The electronic version of this article is the complete one and can be found online at: http://www.biomedcentral.com/1471-2180/11/43


Received:18 August 2010
Accepted:25 February 2011
Published:25 February 2011

© 2011 Sasindran et al; licensee BioMed Central Ltd.

This is an Open Access article distributed under the terms of the Creative Commons Attribution License (http://creativecommons.org/licenses/by/2.0), which permits unrestricted use, distribution, and reproduction in any medium, provided the original work is properly cited.

Abstract

Background

Obg is a highly conserved GTP-binding protein that has homologues in bacteria, archaea and eukaryotes. In bacteria, Obg proteins are essential for growth, and they participate in spore formation, stress adaptation, ribosome assembly and chromosomal partitioning. This study was undertaken to investigate the biochemical and physiological characteristics of Obg in Mycobacterium tuberculosis, which causes tuberculosis in humans.

Results

We overexpressed M. tuberculosis Obg in Escherichia coli and then purified the protein. This protein binds to, hydrolyzes and is phosphorylated with GTP. An anti-Obg antiserum, raised against the purified Obg, detects a 55 kDa protein in immunoblots of M. tuberculosis extracts. Immunoblotting also discloses that cultured M. tuberculosis cells contain increased amounts of Obg in the late log phase and in the stationary phase. Obg is also associated with ribosomes in M. tuberculosis, and it is distributed to all three ribosomal fractions (30 S, 50 S and 70 S). Finally, yeast two-hybrid analysis reveals that Obg interacts with the stress protein UsfX, indicating that M. tuberculosis Obg, like other bacterial Obgs, is a stress related protein.

Conclusions

Although its GTP-hydrolyzing and phosphorylating activities resemble those of other bacterial Obg homologues, M. tuberculosis Obg differs from them in these respects: (a) preferential association with the bacterial membrane; (b) association with all three ribosomal subunits, and (c) binding to the stress protein UsfX, rather than to RelA. Generation of mutant alleles of Obg of M. tuberculosis, and their characterization in vivo, may provide additional insights regarding its role in this important human pathogen.

Background

GTP-binding proteins are found in all living organisms, and they play critical roles in fundamental processes such as cell proliferation, development, signal transduction and protein translation [1,2]. In general, these proteins are hydrolase enzymes that convert GTP into GDP, allowing transfer of the GTP terminal phosphate group to a target protein. As a consequence of this transfer, the highly conserved domains (G1, G2, G3, G4 and G5) of GTP-binding proteins undergo conformational changes that are detected by downstream effector proteins [3,4], leading to specific outcomes.

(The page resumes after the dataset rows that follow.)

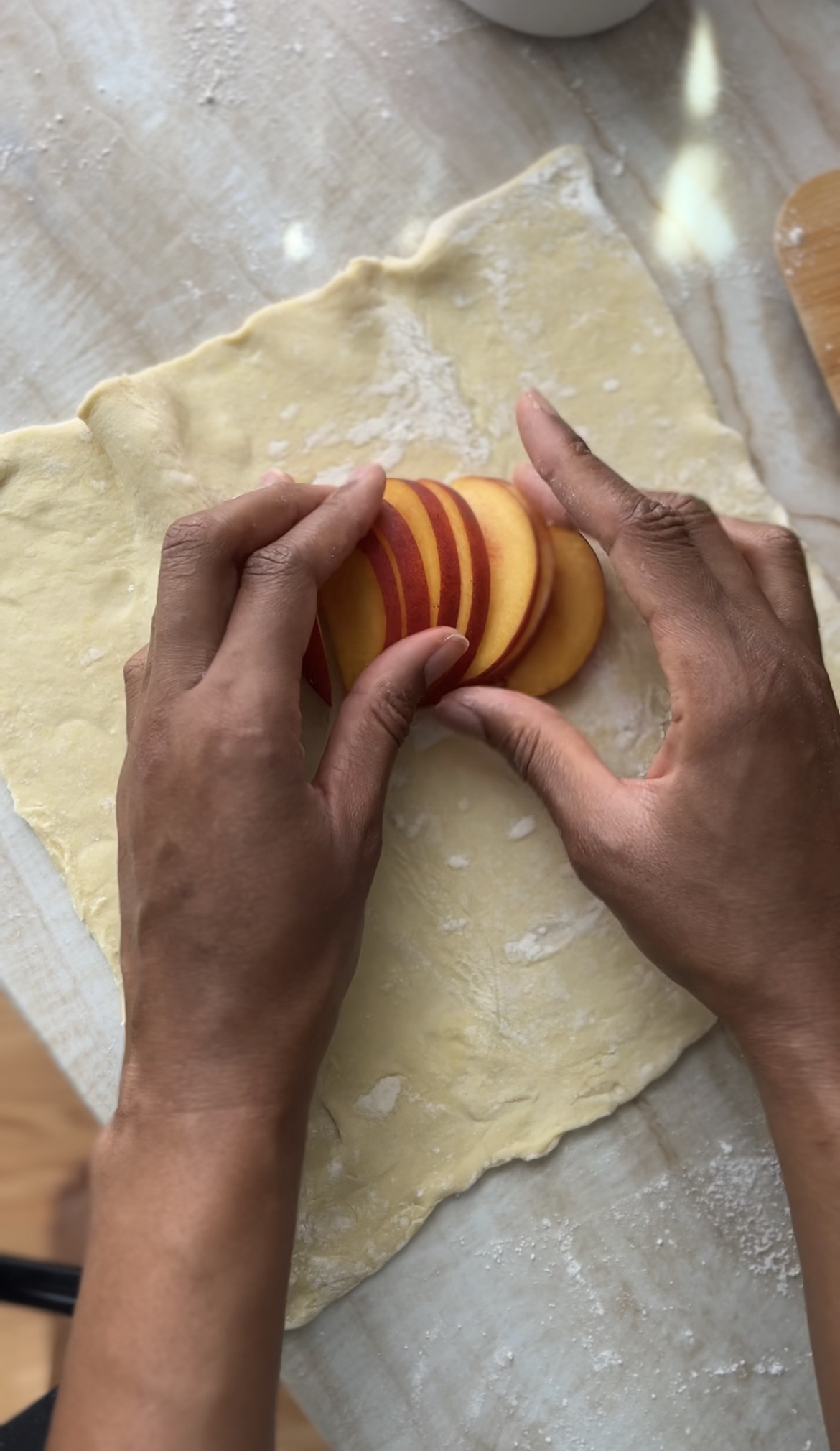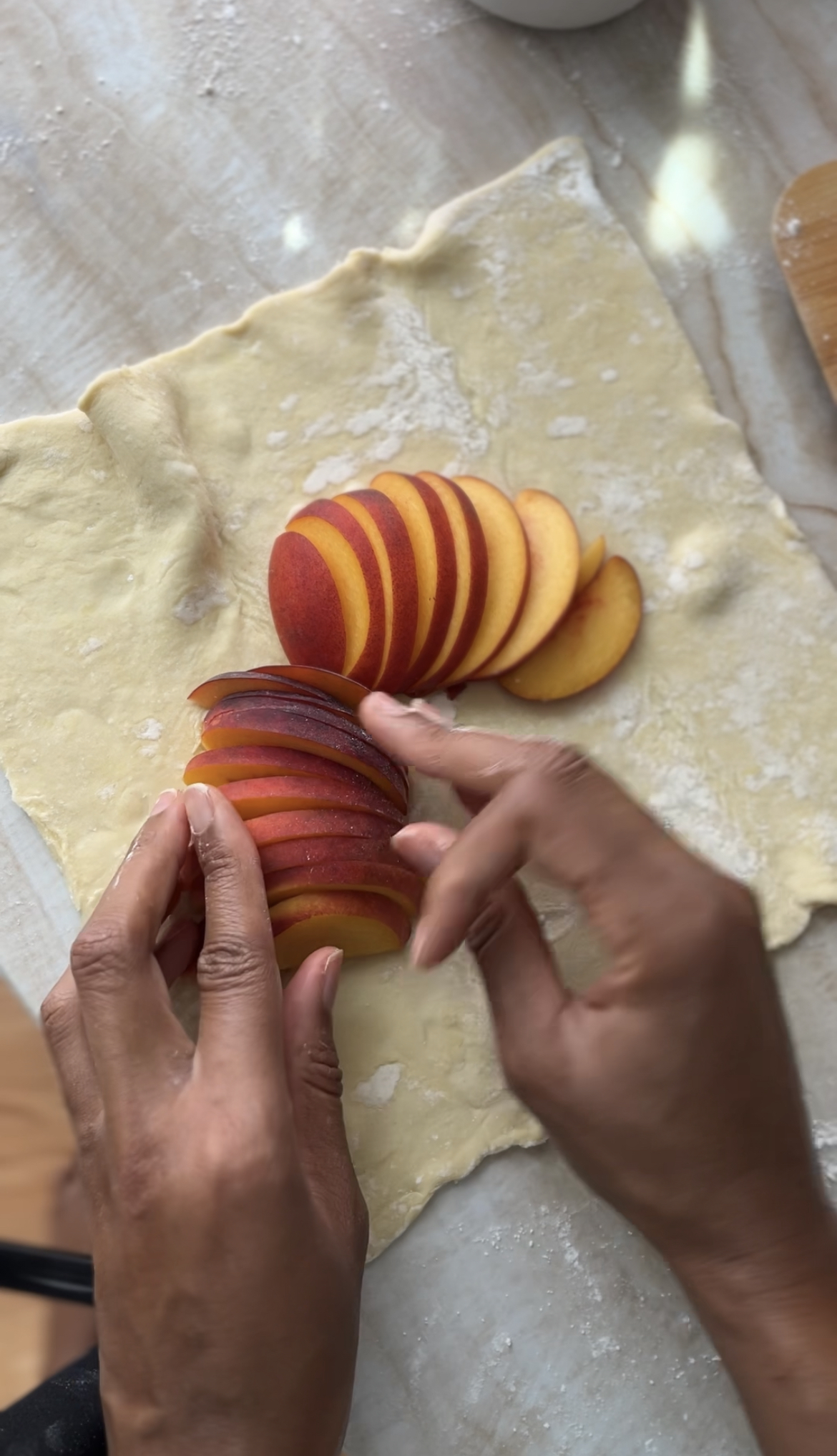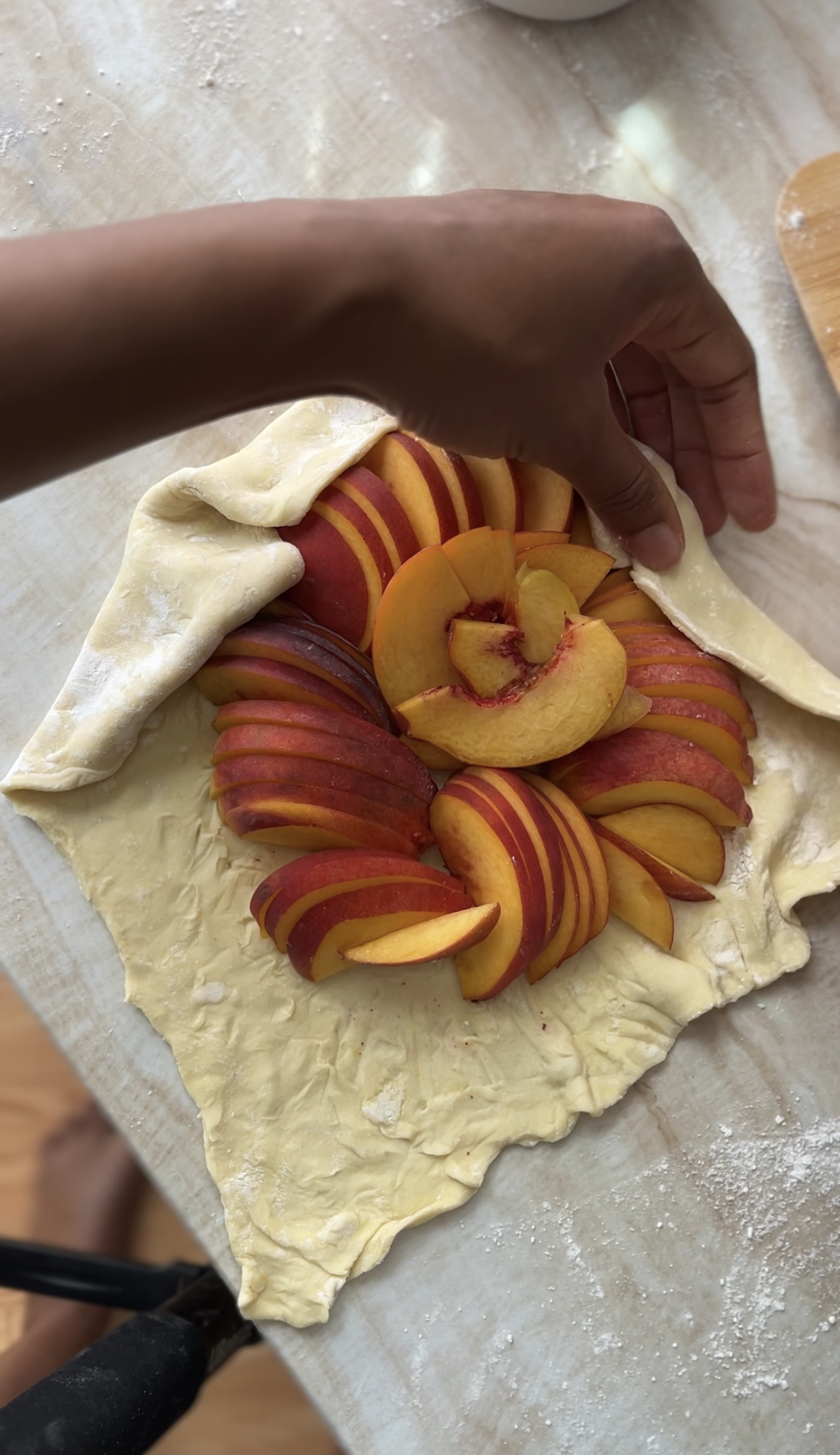 - Arrange the peach slices in the middle of the dough to in a cricle. Note: it doesn't have to be neat or perfect. It's okay if some of the peaches overlap.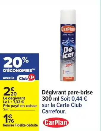 En plus de l'offre Dégivrant pare brise, Carrefour propose une large gamme de produits. Consultez le Catalogue Carrefour hebdomadaire pour découvrir les meilleures offres et promotions. En plus de Dégivrant pare brise, il y a aussi : Carplan auto pratic dégivrant pare-brise 300 ml, Dégivre pare-brise & Dégivre pare-brise.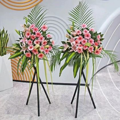 开业花篮-粉色扶郎粉百合绿叶 1只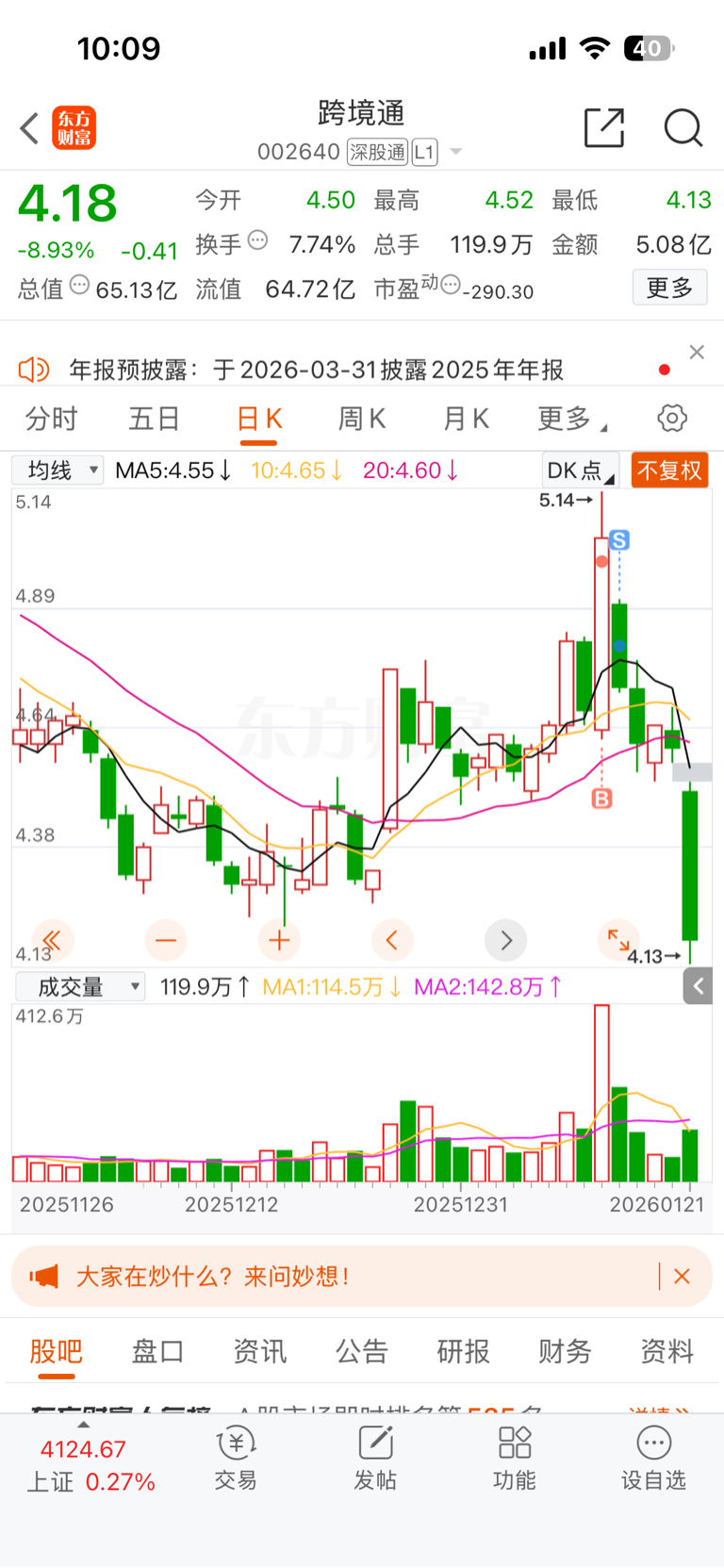 $跨境通(SZ002640)$ 还好卖的早,回来看你一眼烂成这样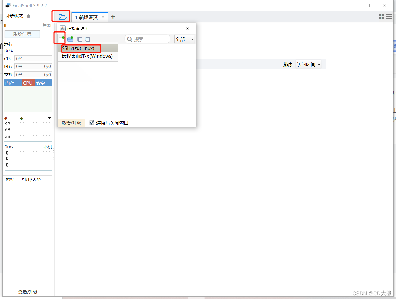 14.点击文件夹图标,点击第一个新建一个连接,选择SSH连接,此连接是连接Linux系统的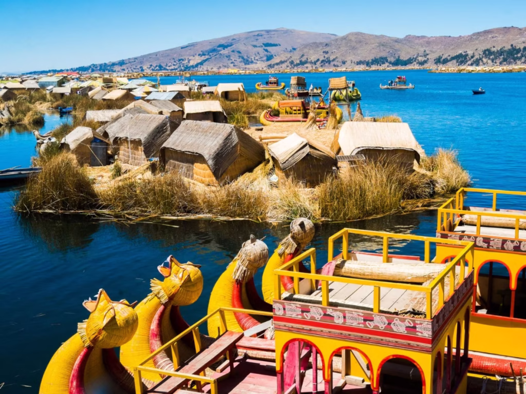 - Quý khách lên thuyền du ngoạn hồ, ghé thăm các đảo nổi Uros – được làm hoàn toàn từ cỏ lau Totora.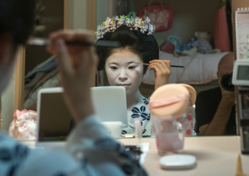 16 Years old maiko called chikasaya during a make up session, Kansai region, Kyoto, Japan

Comparison of bacterial genomes, across all taxa, has shown that at least eleven highly conserved GTP-binding proteins are present in prokaryotes [5]. Among these, the Obg/GTP1 subfamily of monomeric GTP binding proteins is of special significance, because these proteins exist not only in prokaryotes but also in eukaryotes [6]. The gene encoding Obg was first identified in Bacillus subtilis [7]. Obg orthologues were subsequently discovered in Streptomyces griseus [8], Streptomyces coelicolor [9], Caulobacter crescentus [10], Echerichia coli [11] and Vibrio harveyi [12]. While orthologues of Obg in C. crescentus and V. harveyi are known as CgtA, the orthologue of Obg in E. coli is called ObgE. Bacterial Obg display intrinsic GTPase activity and autophosphorylate with GTP, as does the eukaryotic signaling molecule Ras, which is a GTP-binding protein. Because of this, Obg has been considered to be a potential bacterial signaling molecule [8,13].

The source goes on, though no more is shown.